América & En Vivo features the live versions of "Inolvidable", "No Sé Tú", and "Contigo en la Distancia" from Miguel's performance at the National Auditorium. The three songs were also promotional singles for Romance. In addition, the EP features a new track "America, America" composed by José Luis Armenteros
and Pablo Herrero. The song was originally performed by Spanish singer Nino Bravo on his album ...y volumen 5 (1973). Miguel dedicated the song to the soldiers who participated in the Gulf War.

==Reception==
América & En Vivo was released on 25 September 1992. It sold 95,000 copies in Mexico on the first week of release. The EP peaked at number 12 on the Billboard Latin Pop Albums chart. It was certified platinum in Argentina by the CAPIF for sales of 60,000 copies. "America, America" was released, peaking at number 20 on the Billboard Hot Latin Songs chart and number one on the Mexican ballads chart. The music video for "America, America" was filmed across several locations in the United States and Puerto Rico. The music video won the award for MTV International at the 1993 MTV Video Music Awards and received a nomination for Video of the Year at the 5th Annual Lo Nuestro Awards in the same year.

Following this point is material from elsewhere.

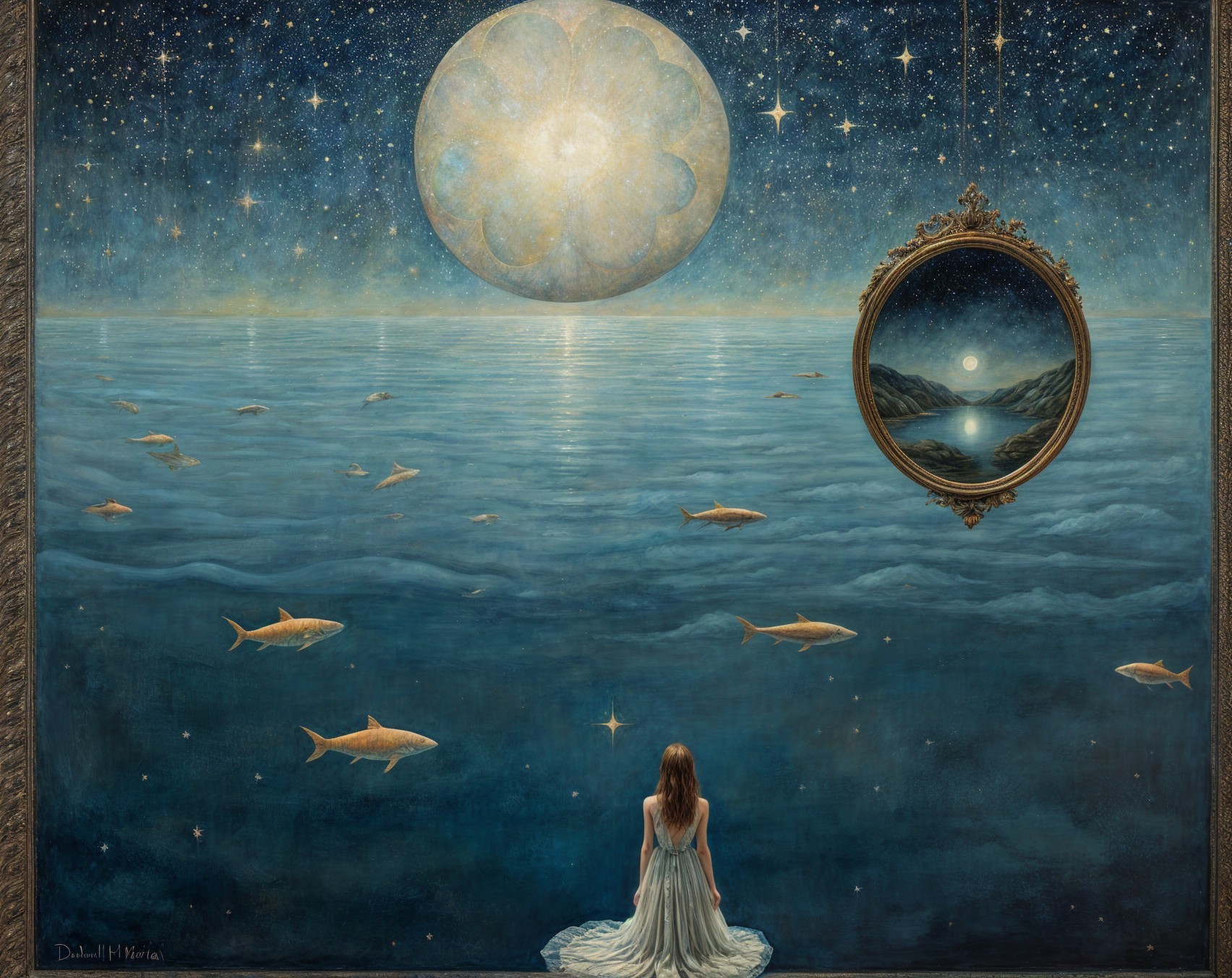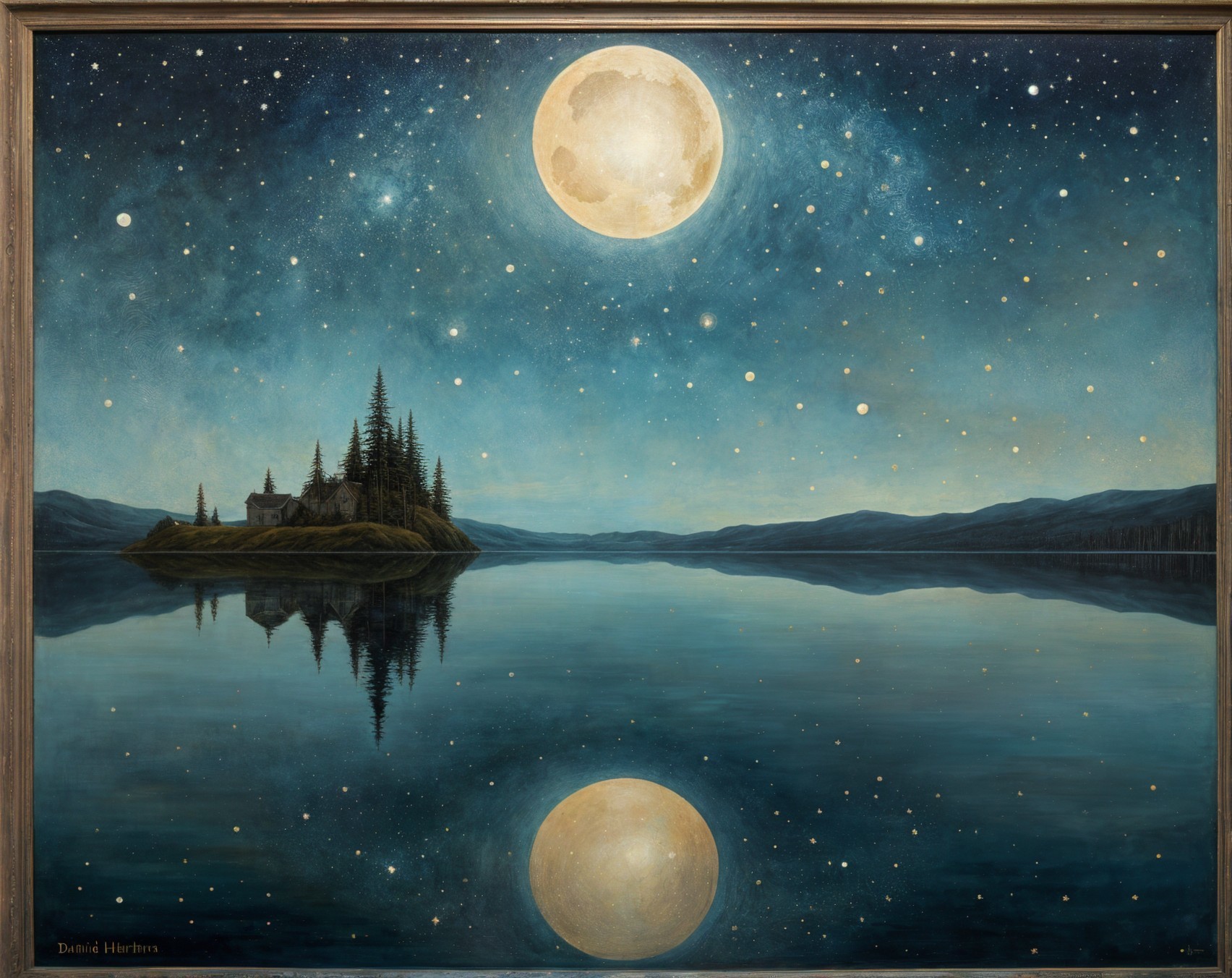 A serene landscape painting features a calm lake reflecting a full moon and twinkling stars, with a small island of pine trees. Soft clouds hover in a starry night sky, evoking tranquility.

An editor for AllMusic rated the EP three stars out of five. An editor writing for Billboard magazine complimented the EP stating that it "should add another trophy to the already impressive collection amassed by this 22 year-old Mexican crooner". Mario Taradell of the Miami Herald gave the EP a positive review; he compared "America, America" to Neil Diamond's song "America" stating it is "filled with land-of-hope lyrics, heavily orchestrated production and a big, inspirational chorus". On the live tracks, he felt that Miguel is "in fine voice and a playful mood" and noted that "Inolvidable" was "more percussive and danceable than the album version" and commented that "Contigo en la Distancia" and "No Sé Tú" "showcase Miguel's romantic croon".

==Track listing==
- The track listing is adapted from AllMusic.

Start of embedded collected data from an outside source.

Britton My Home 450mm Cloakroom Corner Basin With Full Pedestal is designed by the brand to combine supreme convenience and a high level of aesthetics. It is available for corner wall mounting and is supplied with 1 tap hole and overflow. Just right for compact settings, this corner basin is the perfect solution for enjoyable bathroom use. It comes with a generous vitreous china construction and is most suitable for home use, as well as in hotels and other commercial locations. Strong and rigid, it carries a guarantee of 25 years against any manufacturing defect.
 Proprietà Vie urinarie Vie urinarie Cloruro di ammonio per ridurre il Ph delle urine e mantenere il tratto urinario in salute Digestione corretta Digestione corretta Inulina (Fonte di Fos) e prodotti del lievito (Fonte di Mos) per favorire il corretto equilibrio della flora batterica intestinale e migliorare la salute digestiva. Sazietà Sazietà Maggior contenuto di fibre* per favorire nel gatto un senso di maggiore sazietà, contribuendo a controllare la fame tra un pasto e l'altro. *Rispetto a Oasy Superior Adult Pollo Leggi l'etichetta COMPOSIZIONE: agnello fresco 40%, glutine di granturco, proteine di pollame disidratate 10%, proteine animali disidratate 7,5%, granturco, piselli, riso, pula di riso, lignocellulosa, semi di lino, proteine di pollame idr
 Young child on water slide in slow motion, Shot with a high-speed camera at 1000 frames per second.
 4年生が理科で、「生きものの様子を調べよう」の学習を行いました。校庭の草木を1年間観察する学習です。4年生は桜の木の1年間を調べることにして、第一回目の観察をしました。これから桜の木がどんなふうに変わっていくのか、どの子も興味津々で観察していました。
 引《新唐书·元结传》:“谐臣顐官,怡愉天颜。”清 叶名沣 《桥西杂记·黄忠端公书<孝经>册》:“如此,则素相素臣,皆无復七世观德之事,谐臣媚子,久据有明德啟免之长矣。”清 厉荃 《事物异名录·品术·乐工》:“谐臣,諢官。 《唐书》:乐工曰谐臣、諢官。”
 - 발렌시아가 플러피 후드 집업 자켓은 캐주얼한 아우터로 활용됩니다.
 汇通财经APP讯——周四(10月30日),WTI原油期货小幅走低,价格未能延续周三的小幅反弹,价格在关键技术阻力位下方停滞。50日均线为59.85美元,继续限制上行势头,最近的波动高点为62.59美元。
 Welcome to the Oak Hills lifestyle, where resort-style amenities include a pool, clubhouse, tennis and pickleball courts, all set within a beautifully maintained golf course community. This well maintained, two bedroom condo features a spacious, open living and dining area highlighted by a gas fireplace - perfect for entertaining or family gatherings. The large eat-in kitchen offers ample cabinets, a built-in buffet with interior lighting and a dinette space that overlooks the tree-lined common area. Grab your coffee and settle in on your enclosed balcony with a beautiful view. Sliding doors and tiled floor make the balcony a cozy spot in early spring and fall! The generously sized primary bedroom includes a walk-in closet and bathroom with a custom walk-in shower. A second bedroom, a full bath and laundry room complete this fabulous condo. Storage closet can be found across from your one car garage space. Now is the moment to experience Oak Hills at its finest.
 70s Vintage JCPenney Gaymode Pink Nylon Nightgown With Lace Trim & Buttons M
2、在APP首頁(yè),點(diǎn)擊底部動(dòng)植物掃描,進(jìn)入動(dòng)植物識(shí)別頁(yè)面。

| No. | Title | Writer(s) | Length |
|---|---|---|---|
| 1. | "América, América" | José Luis Armenteros; Pablo Herrero; | 4:33 |
| 2. | "Contigo en la Distancia" | César Portillo de la Luz | 3:31 |
| 3. | "No Sé Tú" | Armando Manzanero | 4:09 |
| 4. | "Inolvidable" | Julio Gutiérrez | 4:40 |

==Credits and personnel==
The following credits are from AllMusic:

===Performance credits===
- Luis Miguel - lead vocal

====America, America====
- Claude Gaudette - keyboards, synthesizer bass, drum programming, synth programming, arrangements
- Michael Thompson - lead guitar
- Michael Landau - electric guitar
- Tim Pierce - acoustic guitar
- Simon Franglen - synclavier programming

====En Vivo====
- Juan Carlos Toribio - piano, keyboards, musical director
- Ignacio "Kiko" Cibrian – guitars
- Arturo Perez – keyboards
- Rodolfo Machorro – bass guitar
- Fernando Caballero - drums
- Alfredo Algarin – percussion, background vocals
- Jeff Nathanson - saxophone
- Jose Villar, Juan Manuel Arpero - trumpet
- Orquesta De Camara De La Ciudad De Mexico - strings
- Bob Bailey, Christina Abaroa, Eva Ma. Bojalil, Francis Benítez, Dan Navarro, Donna McElroy, Isela Sotelo, Kim Fleming, Lionel Hampton, Leyla Hoyle, Maria del Rey, Patricia Tanus – background vocals

===Technical credits===
- Humberto Gatica – engineer, mixing, producer (1)
- Mauricio Abaroa – producer (2-4)
- Felipe Elgueta;– assistant producer (2-4)
- Alfredo Gatica - coordination (2-4)
- Carlos Villar, Humberto Terán – technical coordination (2-4)
- Benny Faccone – engineer, mixing (2-4)
- Alejandro Rodriguez, Robert Tassi, Salvador Tercero – engineer (2-4)
- Bernie Grundman - mastering (2-4)
- Juan White - recording assistant (2-4)
- Antonio Jimenez, Joel Robles, Manuel Lopez, Raul Durand – assistant (2-4)
- Ivan Manjarrez – photography

==Charts==

| Chart (1992) | Peak position |
|---|---|
| US Latin Pop Albums (Billboard) | 12 |

| Chart (1993) | Peak position |
|---|---|
| US Top Latin Albums (Billboard) | 30 |

==Certifications and sales==

| Region | Certification | Certified units/sales |
| Argentina (CAPIF) | Platinum | 60,000^{^} |
| Mexico First-week sales | — | 95,000 |
^{^} Shipments figures based on certification alone.